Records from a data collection
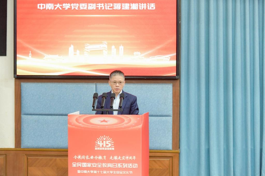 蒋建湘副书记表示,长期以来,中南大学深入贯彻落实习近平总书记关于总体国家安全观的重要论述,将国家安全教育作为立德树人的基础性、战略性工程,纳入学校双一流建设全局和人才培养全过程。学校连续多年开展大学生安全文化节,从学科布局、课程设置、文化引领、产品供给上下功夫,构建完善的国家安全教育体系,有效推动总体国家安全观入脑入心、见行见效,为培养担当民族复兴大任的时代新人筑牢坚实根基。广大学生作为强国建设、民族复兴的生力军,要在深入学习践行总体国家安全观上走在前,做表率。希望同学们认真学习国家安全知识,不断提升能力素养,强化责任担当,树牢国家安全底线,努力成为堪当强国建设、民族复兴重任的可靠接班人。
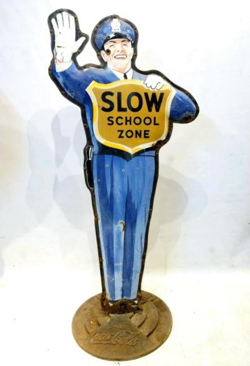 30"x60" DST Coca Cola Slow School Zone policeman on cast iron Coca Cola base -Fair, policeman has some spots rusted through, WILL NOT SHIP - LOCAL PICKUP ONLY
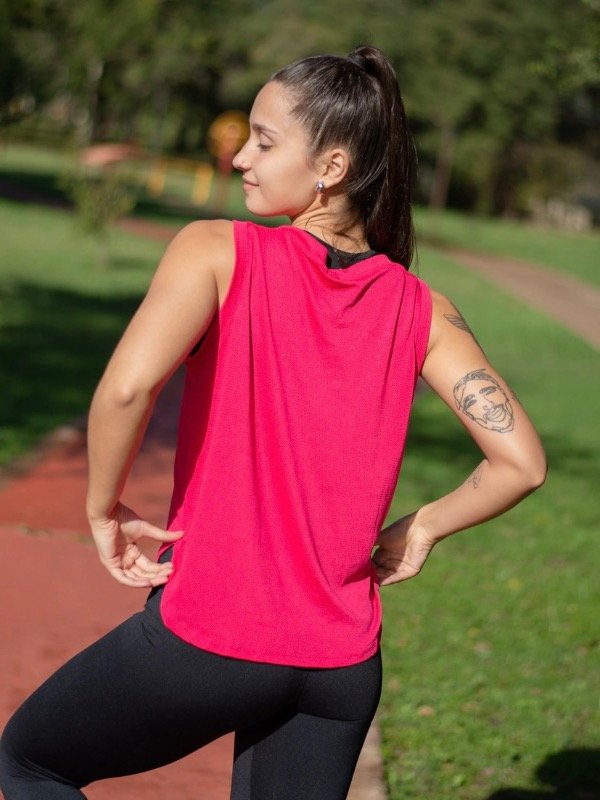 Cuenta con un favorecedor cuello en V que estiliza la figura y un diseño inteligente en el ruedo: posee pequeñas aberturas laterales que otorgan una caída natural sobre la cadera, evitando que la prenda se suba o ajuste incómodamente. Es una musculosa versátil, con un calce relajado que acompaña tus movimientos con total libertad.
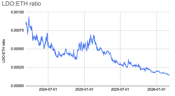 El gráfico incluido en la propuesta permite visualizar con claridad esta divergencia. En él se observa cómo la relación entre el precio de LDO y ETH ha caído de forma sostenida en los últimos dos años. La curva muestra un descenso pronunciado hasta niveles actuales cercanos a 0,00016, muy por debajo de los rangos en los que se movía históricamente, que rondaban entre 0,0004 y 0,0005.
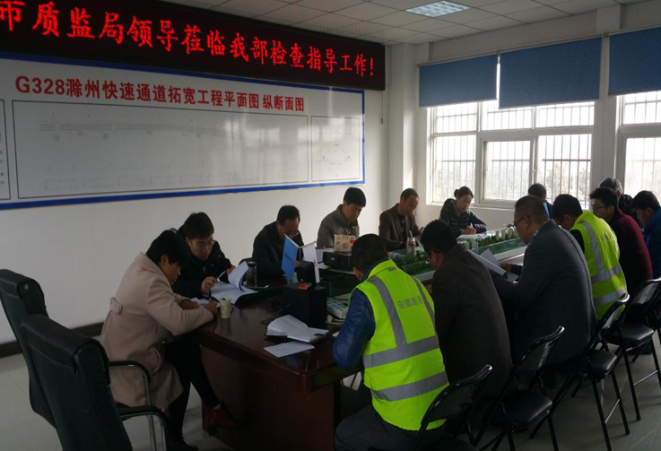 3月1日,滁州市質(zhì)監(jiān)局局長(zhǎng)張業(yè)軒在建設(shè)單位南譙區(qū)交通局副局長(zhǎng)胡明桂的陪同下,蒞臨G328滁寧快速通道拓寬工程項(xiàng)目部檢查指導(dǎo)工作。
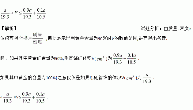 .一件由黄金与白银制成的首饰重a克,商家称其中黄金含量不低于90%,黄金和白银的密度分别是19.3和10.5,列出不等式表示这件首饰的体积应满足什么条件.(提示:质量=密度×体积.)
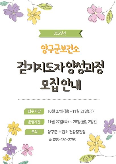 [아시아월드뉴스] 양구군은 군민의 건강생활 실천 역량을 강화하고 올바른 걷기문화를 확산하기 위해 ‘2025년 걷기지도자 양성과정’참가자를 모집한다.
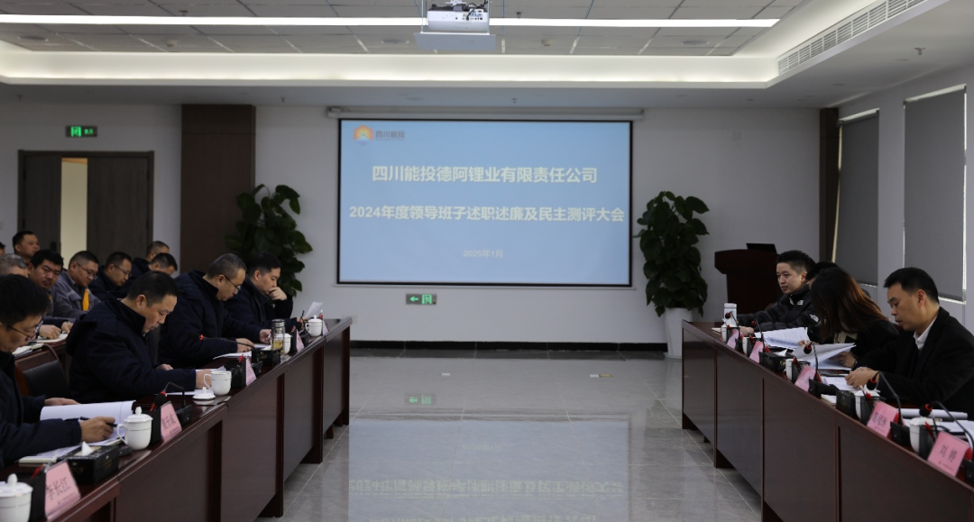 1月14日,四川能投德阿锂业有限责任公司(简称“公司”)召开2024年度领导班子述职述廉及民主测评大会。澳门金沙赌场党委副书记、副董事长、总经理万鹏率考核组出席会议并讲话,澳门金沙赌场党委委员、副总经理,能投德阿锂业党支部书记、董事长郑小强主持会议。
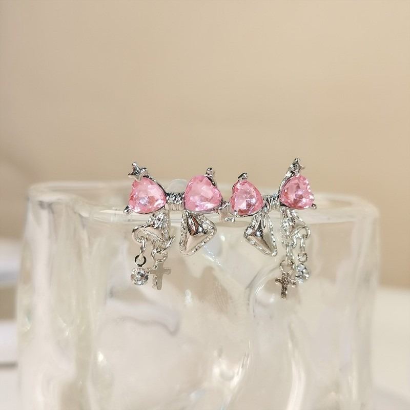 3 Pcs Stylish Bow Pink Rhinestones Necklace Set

== EXERCISE GOAL ==
The range runs from the line containing "1月14日,四川能投德阿锂业" through the end of the entries; print those lines exactly and leave the pictures out.

== ANSWER ==
 1月14日,四川能投德阿锂业有限责任公司(简称“公司”)召开2024年度领导班子述职述廉及民主测评大会。澳门金沙赌场党委副书记、副董事长、总经理万鹏率考核组出席会议并讲话,澳门金沙赌场党委委员、副总经理,能投德阿锂业党支部书记、董事长郑小强主持会议。
 3 Pcs Stylish Bow Pink Rhinestones Necklace Set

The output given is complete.